Simplifying and Rearranging the Equation
Let's pick up where we left off. We have the equation:
y - 4 = (-1/2)(x + 3)
Our first step is to distribute the -1/2 on the right side. This means multiplying both x and 3 by -1/2:
y - 4 = (-1/2)x + (-1/2)(3)
This simplifies to:
y - 4 = (-1/2)x - 3/2
Now, we want to get the equation into the form ax + by = c. This means we need to get the x and y terms on the same side of the equation and the constant term on the other side. Let's start by adding (1/2)x to both sides:
(1/2)x + y - 4 = (-1/2)x + (1/2)x - 3/2
This simplifies to:
(1/2)x + y - 4 = -3/2
Next, let's get rid of the -4 on the left side by adding 4 to both sides:
(1/2)x + y - 4 + 4 = -3/2 + 4
This simplifies to:
(1/2)x + y = -3/2 + 4
Now we need to combine the constant terms on the right side. To do this, we need a common denominator. We can rewrite 4 as 8/2:
(1/2)x + y = -3/2 + 8/2
This simplifies to:
(1/2)x + y = 5/2
We're almost there! We have the equation in the form ax + by = c, but it looks a little messy with the fractions. To get rid of the fractions, we can multiply both sides of the equation by 2. This will clear out the denominators and give us a cleaner final answer. Let's do that in the next step!

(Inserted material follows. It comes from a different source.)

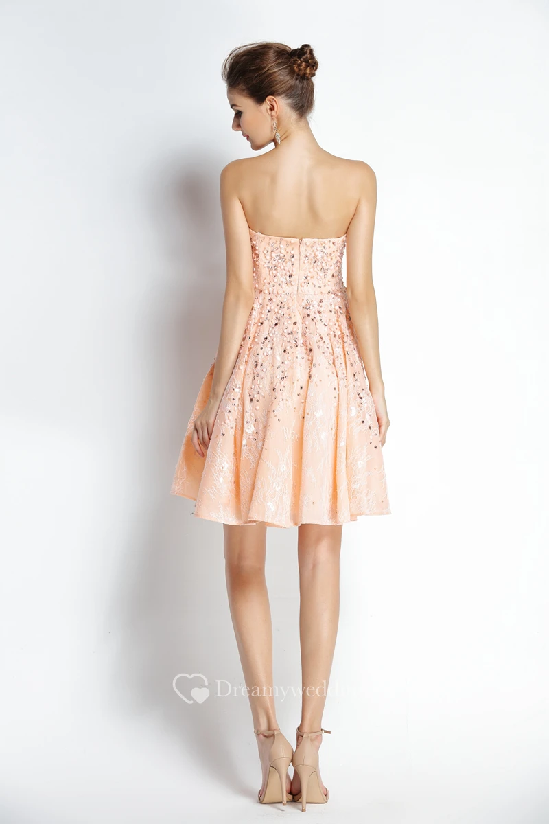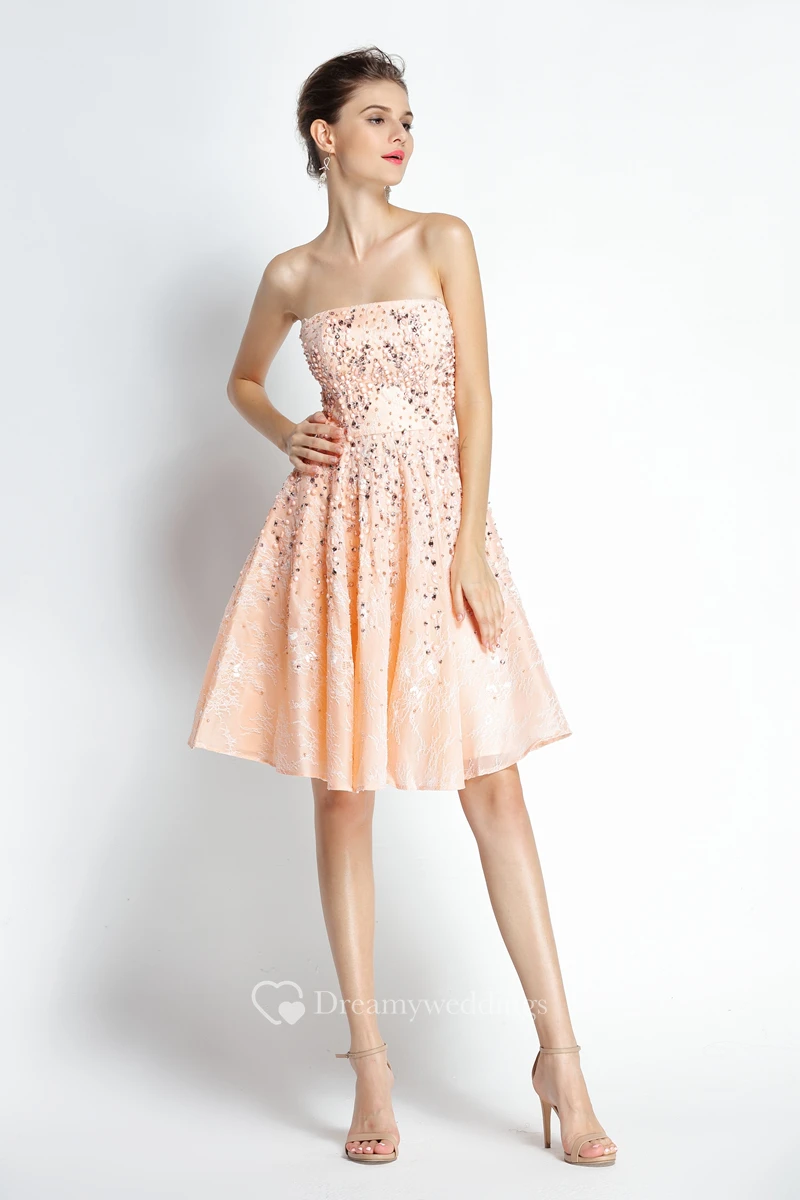 A-Line Knee-length Strapless Lace Sleeveless Prom Dress with Beading

Eliminating Fractions and Final Answer
We're in the home stretch now! Our equation looks like this:
(1/2)x + y = 5/2
To get rid of the fractions, we're going to multiply both sides of the equation by 2. This is a common trick to clean up equations and make them look nicer. So, let's do it:
2 * ((1/2)x + y) = 2 * (5/2)
We need to distribute the 2 on the left side:
2 * (1/2)x + 2 * y = 2 * (5/2)
This simplifies to:
x + 2y = 5
Ta-da! We've done it! We've successfully found the equation of the line parallel to 6y + 3x = -4 and passing through the point (-3, 4). Our final answer, in the form ax + by = c, is:
x + 2y = 5
That wasn't so bad, was it? We broke it down step by step, and now we have a clear and concise equation. Remember, the key was to find the slope of the original line, use that slope for our parallel line, and then use the point-slope form to build our equation. Congratulations on making it through this problem! You've added another tool to your math toolkit. If you follow these steps carefully, you can solve similar problems with ease. Now, you can confidently tackle other parallel line problems. Keep practicing, and you'll become a pro in no time!